**Work task**
If a line of the records holds the word "provides", copy it out.

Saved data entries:
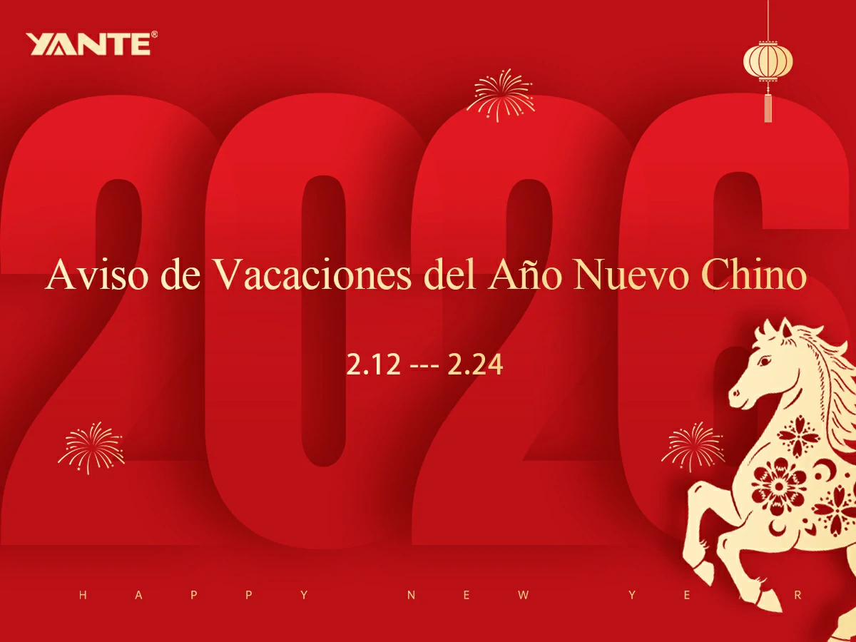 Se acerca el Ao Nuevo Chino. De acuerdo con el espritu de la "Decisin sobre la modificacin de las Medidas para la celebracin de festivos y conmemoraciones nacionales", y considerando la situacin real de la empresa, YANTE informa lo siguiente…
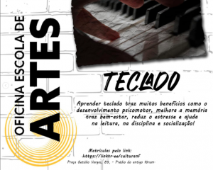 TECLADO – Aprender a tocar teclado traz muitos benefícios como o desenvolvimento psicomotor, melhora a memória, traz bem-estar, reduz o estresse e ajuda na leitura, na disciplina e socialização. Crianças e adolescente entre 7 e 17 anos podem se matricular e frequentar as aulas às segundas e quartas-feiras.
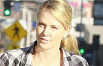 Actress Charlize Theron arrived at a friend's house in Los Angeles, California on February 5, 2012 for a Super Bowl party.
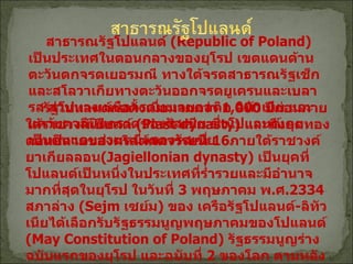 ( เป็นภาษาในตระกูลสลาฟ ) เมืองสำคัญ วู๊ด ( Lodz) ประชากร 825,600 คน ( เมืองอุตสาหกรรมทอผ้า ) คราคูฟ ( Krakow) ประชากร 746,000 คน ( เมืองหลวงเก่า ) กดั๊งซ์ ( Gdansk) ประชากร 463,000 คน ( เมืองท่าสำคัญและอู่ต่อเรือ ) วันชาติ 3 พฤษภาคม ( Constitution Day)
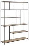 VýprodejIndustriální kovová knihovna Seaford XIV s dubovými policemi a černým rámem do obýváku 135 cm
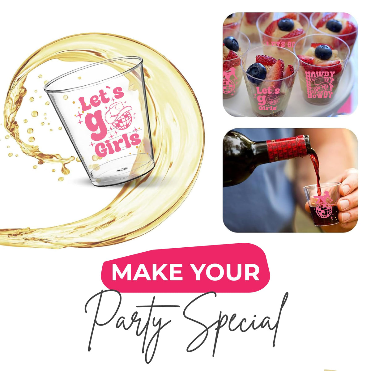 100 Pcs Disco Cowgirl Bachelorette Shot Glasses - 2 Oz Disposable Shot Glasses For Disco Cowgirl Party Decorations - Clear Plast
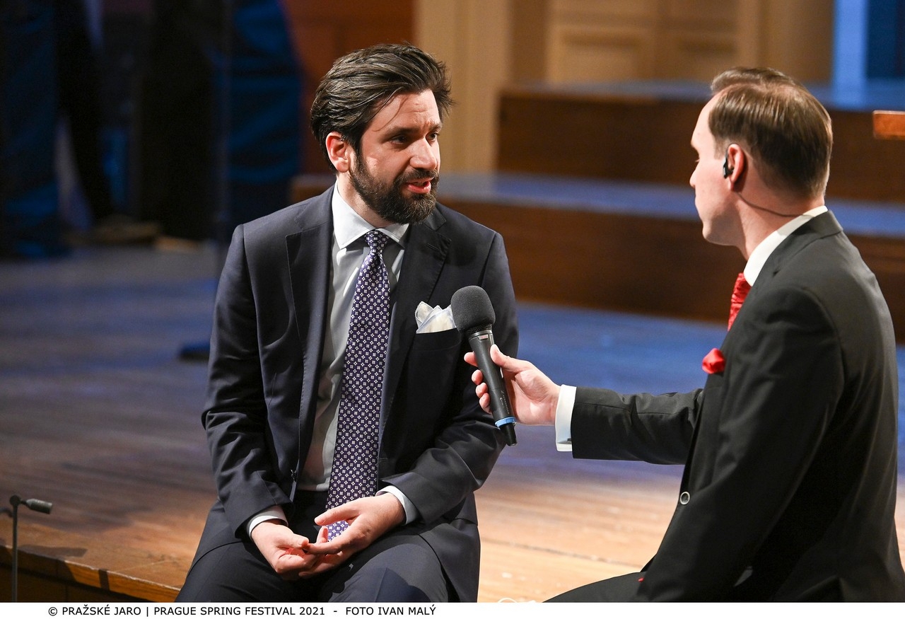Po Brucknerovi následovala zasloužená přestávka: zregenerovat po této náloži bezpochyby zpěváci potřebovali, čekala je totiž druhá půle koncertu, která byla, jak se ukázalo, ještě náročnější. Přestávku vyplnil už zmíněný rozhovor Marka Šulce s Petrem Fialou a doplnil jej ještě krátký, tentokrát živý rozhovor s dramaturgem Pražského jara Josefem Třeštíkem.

--

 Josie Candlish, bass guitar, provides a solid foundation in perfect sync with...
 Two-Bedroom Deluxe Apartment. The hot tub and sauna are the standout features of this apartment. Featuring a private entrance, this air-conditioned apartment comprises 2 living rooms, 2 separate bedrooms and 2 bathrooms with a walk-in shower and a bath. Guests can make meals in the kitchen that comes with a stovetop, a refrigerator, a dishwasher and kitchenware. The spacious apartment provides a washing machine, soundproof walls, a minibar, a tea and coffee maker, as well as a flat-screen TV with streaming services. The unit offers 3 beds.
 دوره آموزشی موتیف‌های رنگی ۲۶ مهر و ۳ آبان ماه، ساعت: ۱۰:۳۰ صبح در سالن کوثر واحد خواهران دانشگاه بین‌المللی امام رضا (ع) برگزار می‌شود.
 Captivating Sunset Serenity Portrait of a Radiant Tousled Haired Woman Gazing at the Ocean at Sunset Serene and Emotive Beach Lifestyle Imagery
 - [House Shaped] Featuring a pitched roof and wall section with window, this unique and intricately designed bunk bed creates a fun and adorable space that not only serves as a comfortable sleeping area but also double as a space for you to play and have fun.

**Expected answer**
 Josie Candlish, bass guitar, provides a solid foundation in perfect sync with...
 Two-Bedroom Deluxe Apartment. The hot tub and sauna are the standout features of this apartment. Featuring a private entrance, this air-conditioned apartment comprises 2 living rooms, 2 separate bedrooms and 2 bathrooms with a walk-in shower and a bath. Guests can make meals in the kitchen that comes with a stovetop, a refrigerator, a dishwasher and kitchenware. The spacious apartment provides a washing machine, soundproof walls, a minibar, a tea and coffee maker, as well as a flat-screen TV with streaming services. The unit offers 3 beds.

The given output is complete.